I have found over many years of trading that it is so much more difficult to make money shorting stocks than going long. With the exception of the Dot.com bubble between 2000-2002 and the bear market of 2008-2009 during the Great Recession we've been in a bull market for a long time and trying to short stocks in a bull market is like pulling teeth. However, just like it makes sense to seek out companies that beat earnings expectations as long candidates, you might want to consider seeking out companies that miss earnings expectations as potential short candidates.
To set the stage, at EarningsBeats we not only track companies that beat earnings expectations; we also track those companies that miss their numbers. And these are stocks that could become short candidates on any rebound after any initial pullback.

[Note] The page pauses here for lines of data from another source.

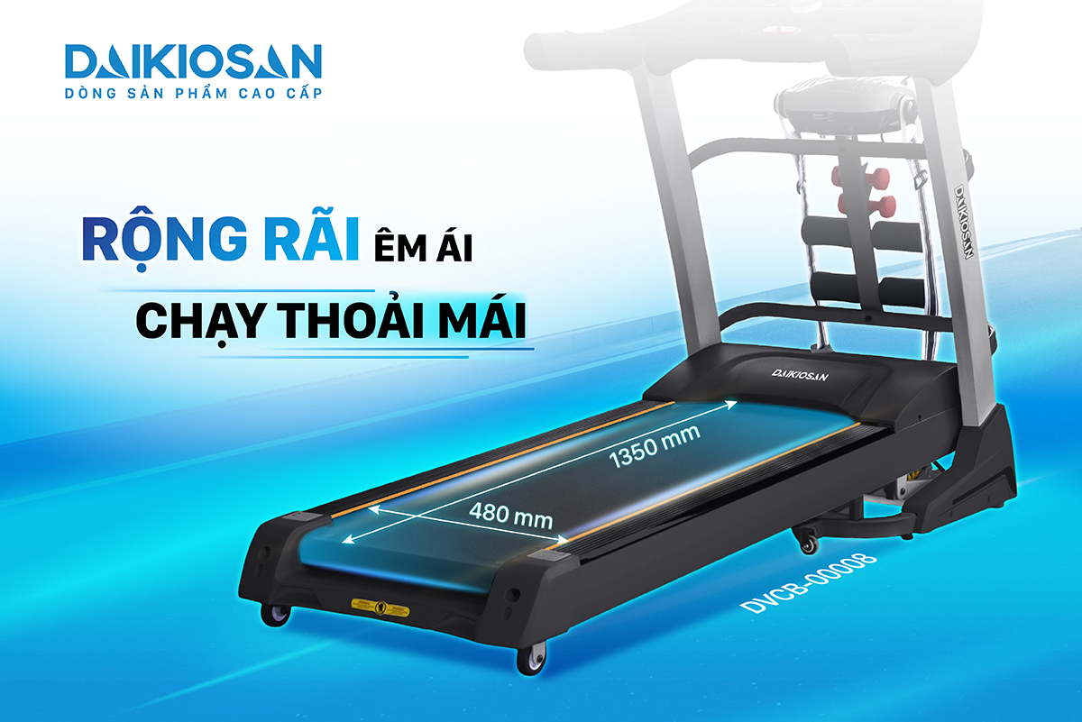 Máy chạy bộ đa năng Daikiosan DVCB-00008 còn có kích thước phần thảm chạy rộng và dài tới 1350*480 mm giúp bạn chạy bộ sải bước thoải mái dù tập luyện ở vận tốc cao.
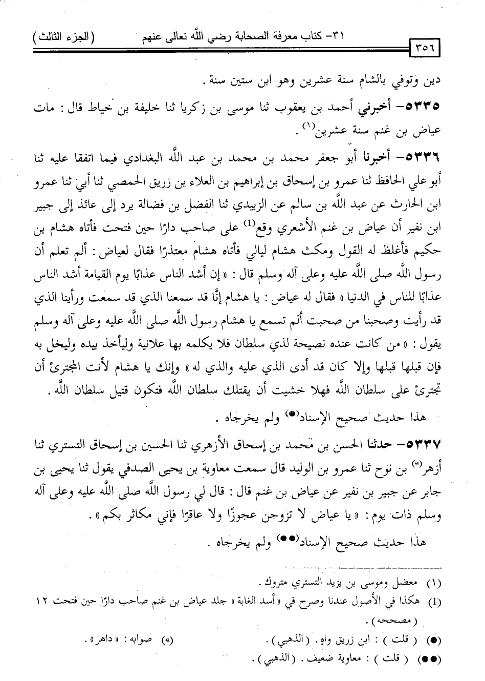 5335 - أَخْبَرَنِي أَحْمَدُ بْنُ يَعْقُوبَ ، ثَنَا مُوسَى بْنُ زَكَرِيَّا ، ثَنَا خَلِيفَةُ بْنُ خَيَّاطٍ ، قَالَ: " مَاتَ عِيَاضُ بْنُ غَنْمٍ سَنَةَ عِشْرِينَ "
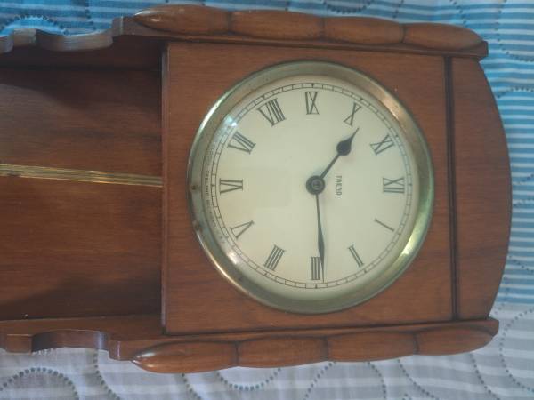 Worked yeats ago when put in storage. Had old plug & wiring but works. Has a pendulum. Maple wood and glass in great shape.
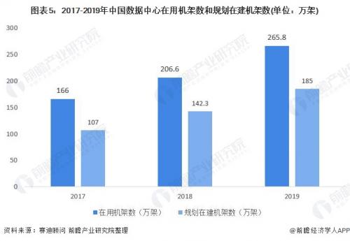 在数据中心方面,伴随着数字中国和大数据等国家战略的落地,全国数据中心建设驶入快车道,2019年我国在用数据中心机架数达到了265.8万架,同时规划在建的数据中心机架数有185万架。
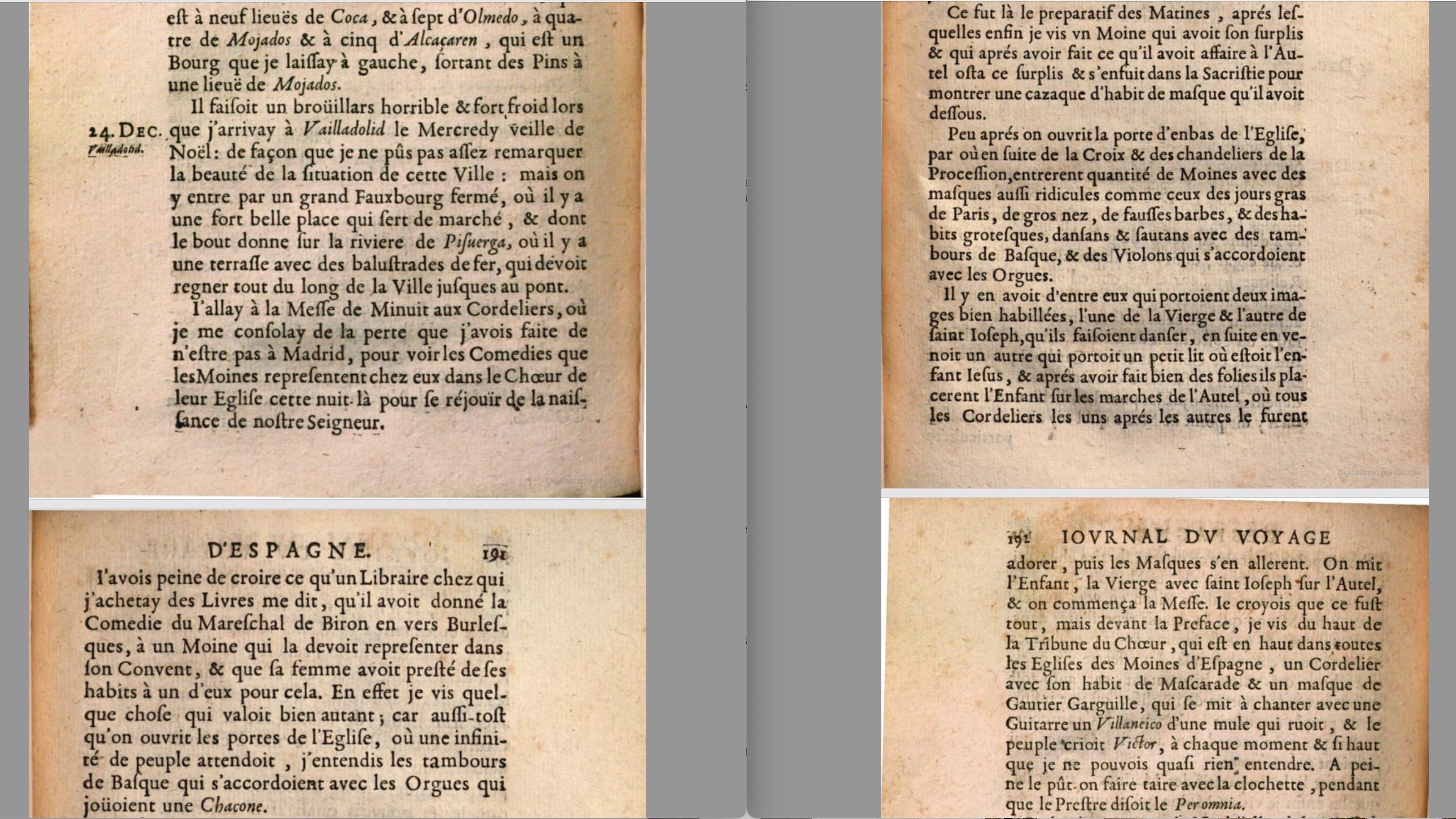 Bertaut llegó a Valladolid el miércoles 24 de diciembre de 1559, con una densa niebla y un frío intenso (“il faisoit un broüillars horrible & fort froid”). Dice que para “consolarse” de no estar en Madrid y poder asistir a las comedias que los franciscanos representaban en el coro de su iglesia conventual con las que se regocijaban por el nacimiento de Jesús, fue a la misa del gallo (“de Minuit”) que los monjes de esta orden (“les Cordeliers”) oficiaban en su convento vallisoletano. Cuenta que un librero al que había comprado unos libros, posiblemente en Madrid, le dijo que había dado un ejemplar de La comedia burlesca del mariscal de Virón a un monje, ¿franciscano?, para representarla en su convento y que su mujer le había prestado alguno de sus vestidos a otro de ellos para esa representación.
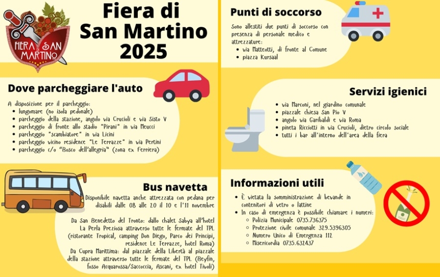 In occasione della tradizionale Fiera di San Martino, in programma nei giorni lunedì 10 e martedì 11 novembre, il Comune di Grottammare ha disposto una serie di misure volte a garantire lo svolgimento in sicurezza della manifestazione e favorire la mobilità sostenibile dei visitatori.
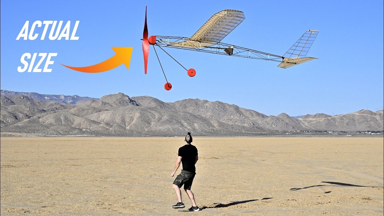 - Scaling up standard rubber-band-powered airplanes to achieve a massive wingspan is far more difficult than expected, even with modern materials and techniques.
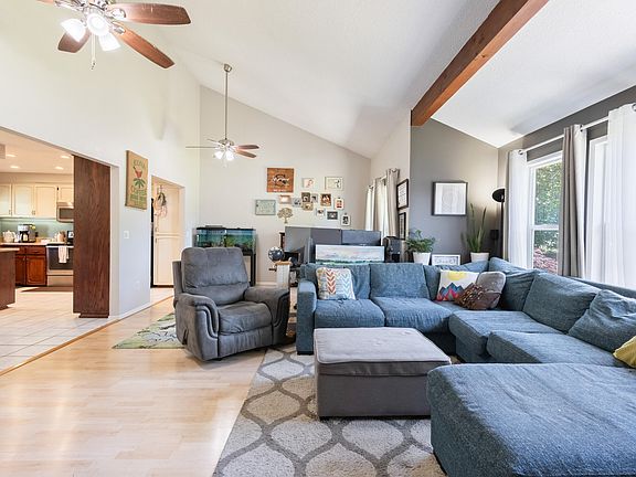 An exceptional chance awaits! Discover this move-in ready 1-level home, boasting vaulted ceilings and exposed beams. The spacious kitchen features quartz and stainless appliances, with ample countertop bar seating and eating nook. Outside, a fenced backyard with storage shed and spacious covered patio offers an ideal retreat for relaxation, gardening, or entertaining. Enjoy recents updates like A/C and a Newer Roof! Don't miss out on this opportunity!
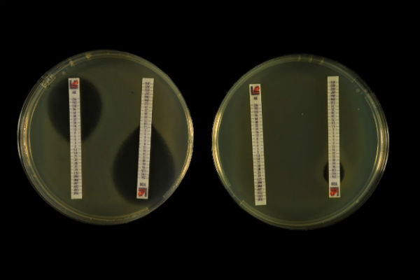 En la foto se muestra la inhibición del crecimiento bacteriano que producen los antibióticos. El tamaño de los halos indica si una bacteria es sensible o resistente. Izquierda, sensible; derecha, resistente. Imagen de Inés Poveda, Centro Nacional Biotecnología (CNB-CSIC).
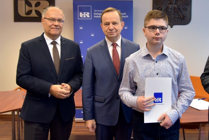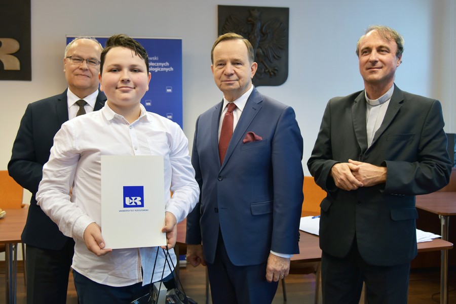 Nagrody wręczali: Jego Magnificencja prof. dr hab. Sylwester Czopek, rektor Uniwersytetu Rzeszowskiego, Władysław Ortyl, marszałek Województwa Podkarpackiego i ks. dr hab. Witold Jedynak, prof. UR, dyrektor INS.
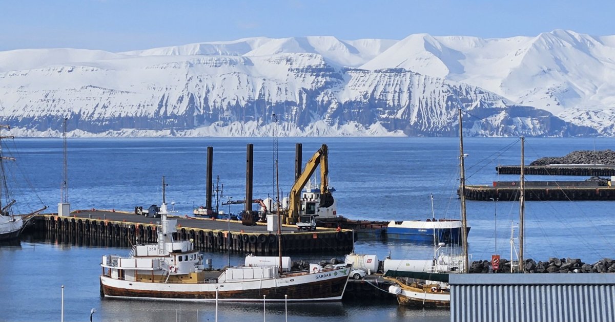 Í gær kom dýpkunarpramminn Pétur mikli til Húsavíkur. Til stendur að endurbyggja og lengja Þvergarðinn á Húsavík. Um er að ræða um 205 m endurbyggingu á núverandi kanti ásamt um 70 m lengingu á kantinum til suðvesturs.
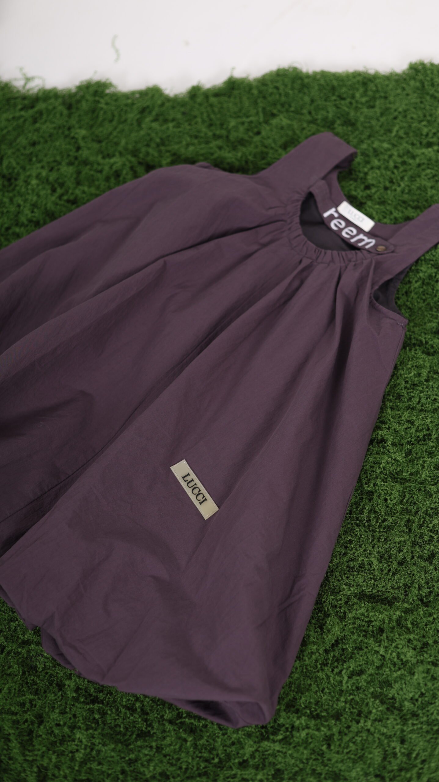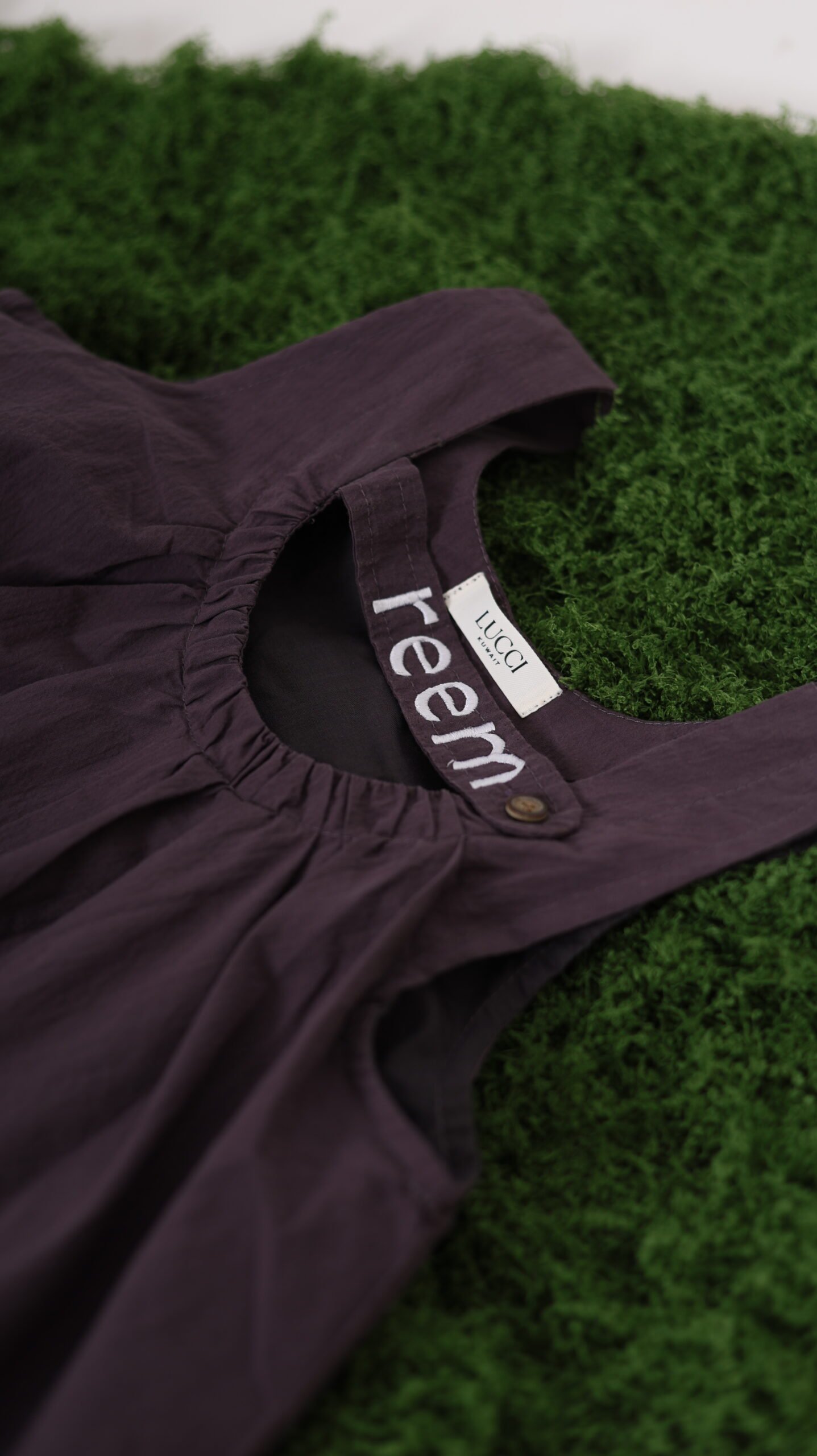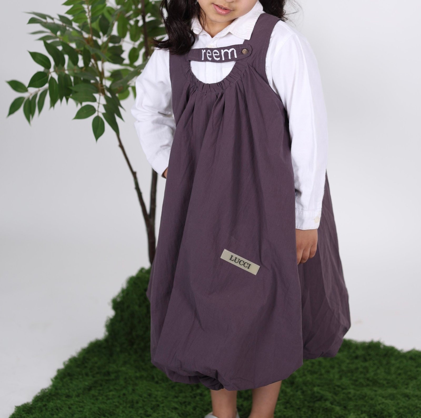 فستان بلون بنفسجي بدون قميص واضافة اسم البنت للتطريز

As an example, Jack in the BOX (JACK) recently reported their earnings and missed on both the eps and revenue sides. Accordingly the stock sold off sharply then rebounded some to a level that resulted in a short trade alert to our members.
As you can see in the above chart, once the stock bottomed on May 14 it went into consolidation mode before bouncing and testing its 50 day moving average unsuccessfully for 3 days in a row. So we issued a short trade alert with an entry price of $85.50 with a price target to the downside of $80.50 and a stop (cover) of any Intra Day move above the 50 day, at the time in the range of $86.15. This resulted in an 8 to 1 reward to risk opportunity. So if the trade works the way we think it can it would be a gain of close to 6% while if it goes against us the loss would just be 0.7%. I like those odds.
Another way to think of this is just like traders flock to those stocks that beat earnings estimates they tend to steer clear from those that come up short. But it takes patience to let a stock come off a bottom to a key price or technical level before putting on a short. If you would like to see a sample of our Earnings Misses Chart List just click here.
It's still tough to succeed in shorting in a bull market but your odds might increase if you seek out companies that miss their numbers rather than trying to short companies that beat expectations and rise because you never know how high a stock might climb if it builds momentum before it runs out of steam. And as usual if you maintain tight stops in case a trade fails you will preserve your precious capital for the next high reward to risk opportunity that comes your way.